ROANOKE TIMES Copyright (c) 1996, Roanoke Times DATE: Tuesday, June 11, 1996 TAG: 9606110056 SECTION: VIRGINIA PAGE: C-1 EDITION: METRO SOURCE: BETTY HAYDEN SNIDER STAFF WRITER
``Just five or 10 more minutes," said Tempral Akers, shaking her head and fighting tears. A few more minutes, and a little boy might not have died.
Akers sat on a sidewalk in front of a row of Northeast Roanoke town houses where 4-year-old Robert Thomas Blevins was hit by a car Monday in front of his home. Akers said she heard Robert's mother say she would be calling him and his sisters in at 6:30.

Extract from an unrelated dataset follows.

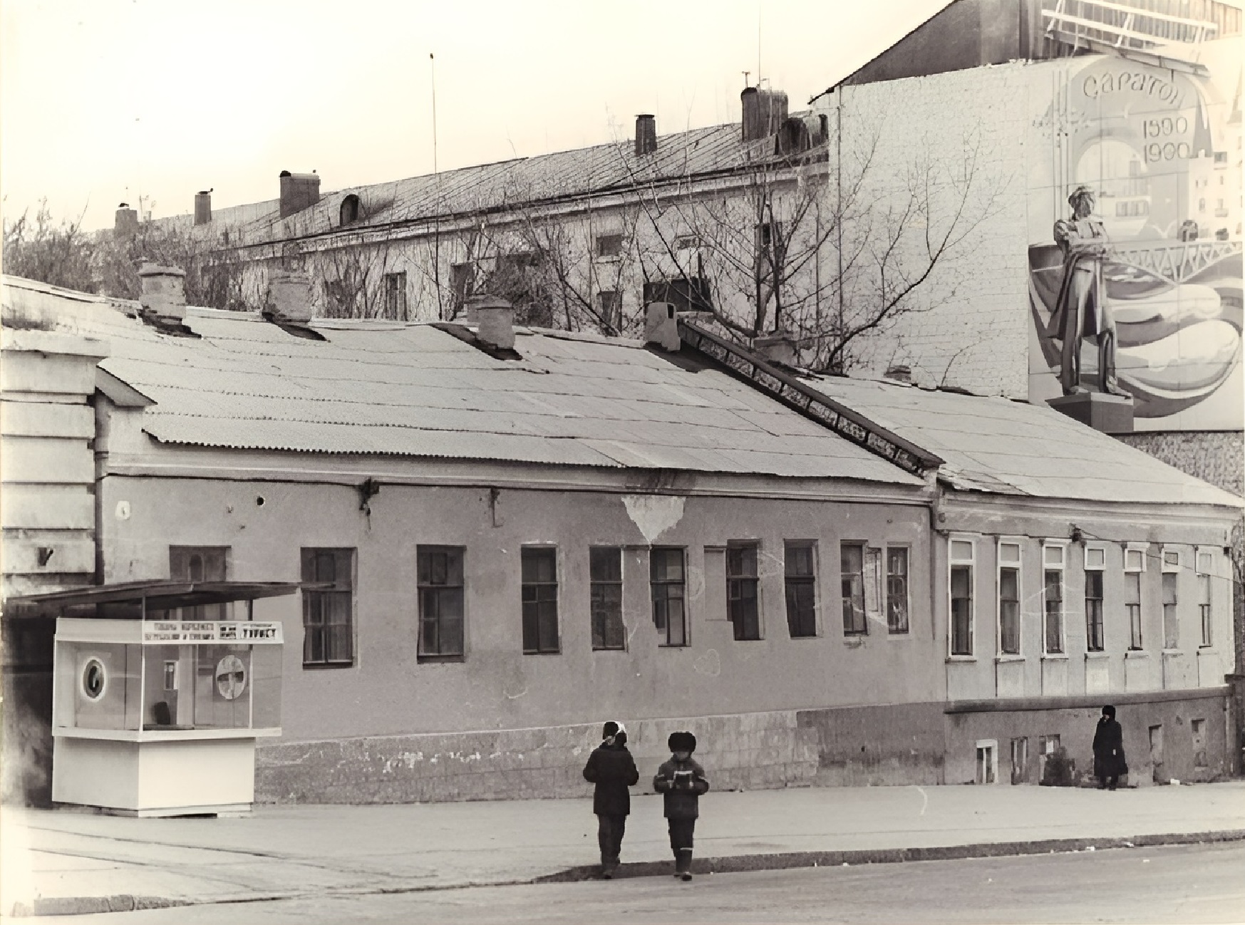 Почему 90-й, если в источнике 80-е (под вопросом)? Плакат там был как минимум с конца 84-го: https://oldsaratov.ru/photo/19090.

Shortly before 6:20 p.m., a car traveling south on 20th Street Northeast near Yeager Avenue struck the boy as he crossed the street, police said. Robert died at Carilion Roanoke Memorial about an hour later.

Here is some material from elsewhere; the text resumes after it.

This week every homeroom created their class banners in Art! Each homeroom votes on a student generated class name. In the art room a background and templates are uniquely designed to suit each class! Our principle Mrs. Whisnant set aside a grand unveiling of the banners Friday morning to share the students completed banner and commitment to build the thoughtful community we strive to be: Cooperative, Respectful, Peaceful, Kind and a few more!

The driver, a 19-year-old woman who lives in the neighborhood, has not been charged. Police did not release her name as they continued to investigate the accident.
Akers lives next door to the small cluster of town houses where the boy lived. She said Robert and a group of kids, including his two sisters and Akers' son, were pretending to fish with her husband's rod and reel.

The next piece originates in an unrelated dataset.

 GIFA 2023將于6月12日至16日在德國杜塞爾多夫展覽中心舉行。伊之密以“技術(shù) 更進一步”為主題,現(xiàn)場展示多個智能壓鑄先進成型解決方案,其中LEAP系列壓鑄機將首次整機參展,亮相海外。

Akers did not know what might have led the boy into the street as the car approached.
"They were playing in the parking lot. I don't know what he did," Akers said. "I don't know what they were doing. There's no ball out there."
Police said Robert may have been crossing the street because he saw another child petting a dog.
Akers said that when she called her 6-year-old, Cody, in for the night, she retrieved the fishing pole. She said Cody had been inside about two minutes when the accident occurred.
Akers didn't see what happened, but she heard it, along with Robert's sister's screams.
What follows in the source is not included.